Skip to content

Are We Drifting? — Part 6: Config and Metrics

Are We Drifting? — Part 6: Config and Metrics

Section titled “Are We Drifting? — Part 6: Config and Metrics”

The vocabularies in Part 4: Enums as Shared Vocabulary and Part 5: The Error Manifest described a service’s data. This part covers its edges — the environment it trusts on the way in, and the signals it emits on the way out. Both drift. Both are the same atom.

Config drift is the classic one. An environment variable is read with os.Getenv in three different files, with three slightly different defaults, and one of them forgets the variable is required. The .env.example that is supposed to document what the service needs was last updated two features ago. The service boots fine in dev and falls over in staging because a variable nobody remembered is missing — and the failure is a nil deref deep in a request, not a clear “you forgot DATABASE_URL.”

Metrics drift the same way. A counter is incremented with a string literal "media.upload.intent_created", and the dashboard queries media.uploads.intent_created — one word apart, silently graphing nothing.
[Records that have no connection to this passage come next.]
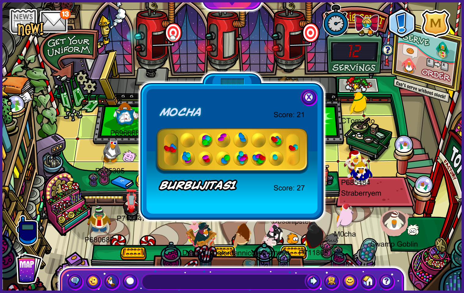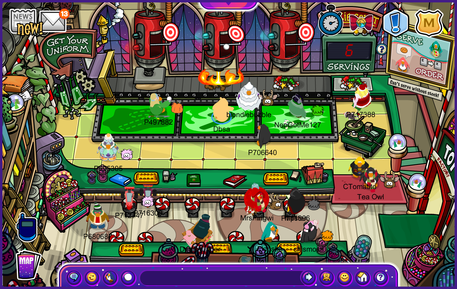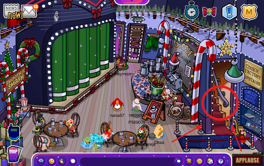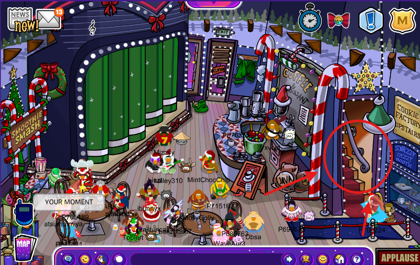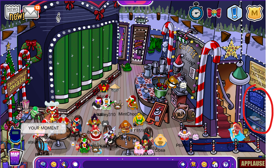 Yes, you heard me right, CPJ has added a cookie bakery recently. It is located on the upstairs of the Coffee Shop. It includes a mini-game, being about baking cookies; this can only be done with 3 players to activate the machine, so bring your friends and start playing! It is very simple and also fun; you just need to throw snowballs at the target and wait for your next teammate to do the rest of the process. It consists of 3 jobs.
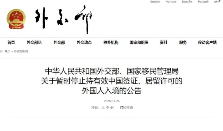 外交部、国家移民管理局发布公告:自2020年3月28日0时起,暂停持有效中国签证、居留许可的外国人入境。
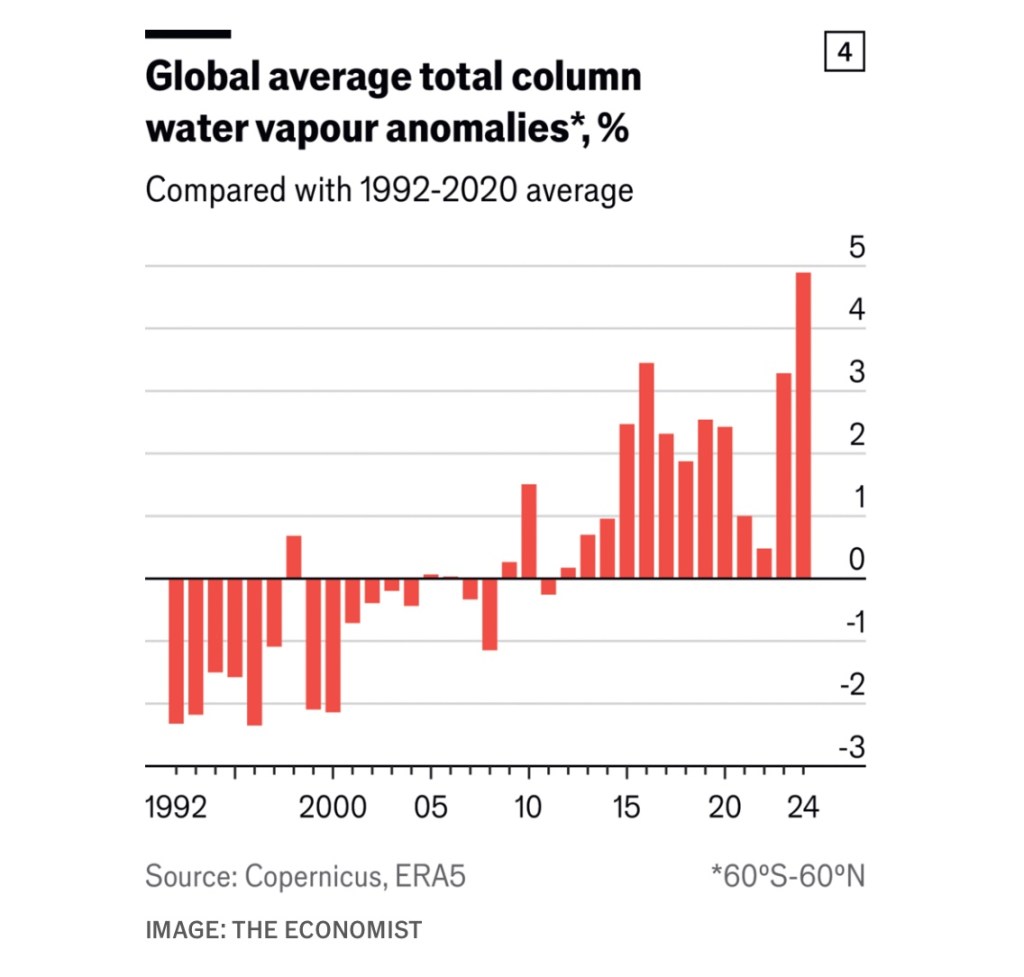 โดยเฉลี่ยแล้ว เอลนีโญทำให้บรรยากาศชื้นขึ้น (แม้ว่าจะทำให้บางพื้นที่ประสบกับภัยแล้งได้เช่นกัน) แผนภูมิที่ 4 แสดงความแปรผันของปริมาณไอน้ำในบรรยากาศในแต่ละปี จะเห็นได้อีกครั้งว่ามีทั้งแนวโน้มการร้อนขึ้นโดยรวมและผลกระทบเฉพาะของเอลนีโญ ซึ่งทั้งสองปัจจัยนี้มีส่วนทำให้ปี 2024 กลายเป็นปีที่สร้างสถิติใหม่
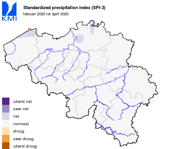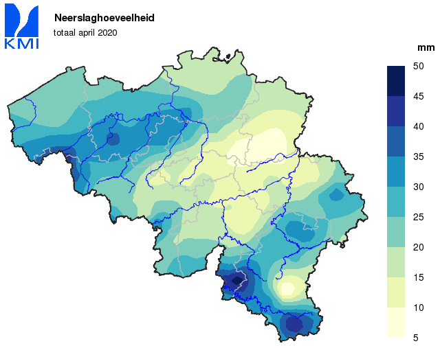 De gemiddelde regionale neerslaghoeveelheden in ons land lagen overal ver onder de normalen. Ze varieerden van ongeveer 20% van de normale in Haspengouw tot ongeveer 60% van de normale in Vlaanderen.
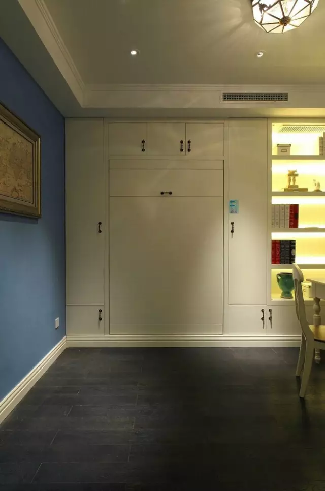 這樣的壁柜比傳統(tǒng)的小格子博古架更加吸引人,一種大氣、高雅的感覺在看到這里時油然而生。
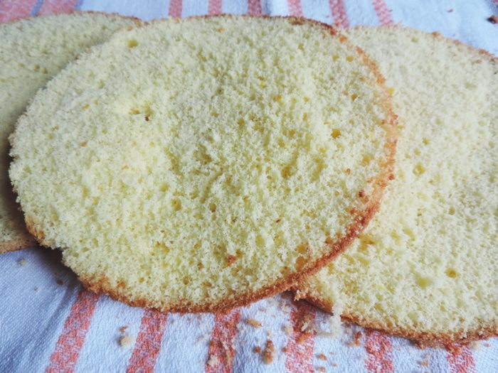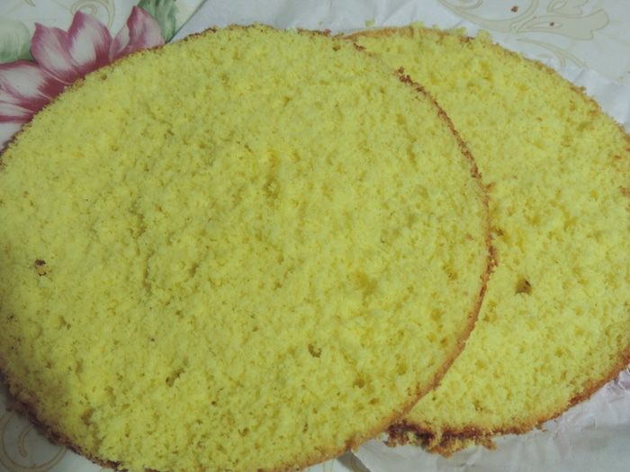Если хотите получить более высокий бисквит, то выпекаем в форме 18см. Его можно будет разрезать на 4 пласта. Форма 20 см даст возможность разрезать бисквит на 3 пласта. Соответственно, в форме 22см вы выпечете бисквит, который сможете разрезать на 2 пласта. Брать форму больше не рекомендую, или увеличивайте количество ингредиентов.
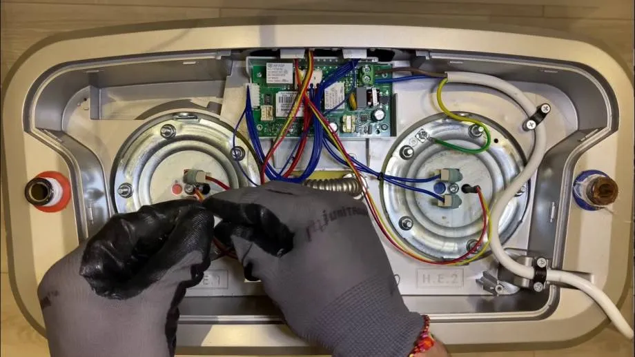 - После очистки ТЭНа и бака следует собрать бойлер — всё происходит в обратной последовательности. Главное — надёжно прикрутить соединительные винты и гайки, установить терморегулятор, использовать обмотку для труб, подключить провода;
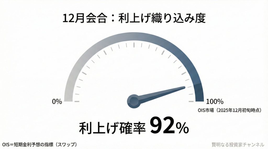 2025年12月18日・19日の日銀金融政策決定会合を前に、市場は追加利上げを強く織り込みつつあります。OIS(オーバーナイト・インデックス・スワップ:短期金利予想を反映しやすい金利スワップ指標)では、12月会合での利上げ確率が約92%という水準まで上がっています。

A label gets a new value that no one added to the alert.

Both are closed sets that cross a boundary — the process boundary for config, the telemetry boundary for metrics. Both want to be vocabularies.

The same three-tier wall that governs the enums and the error manifest governs these edges too: a lint-error for the things that happen daily, a compile assertion for the seam that must never rot, and a CI coverage script for the inventory that drifts on its own schedule.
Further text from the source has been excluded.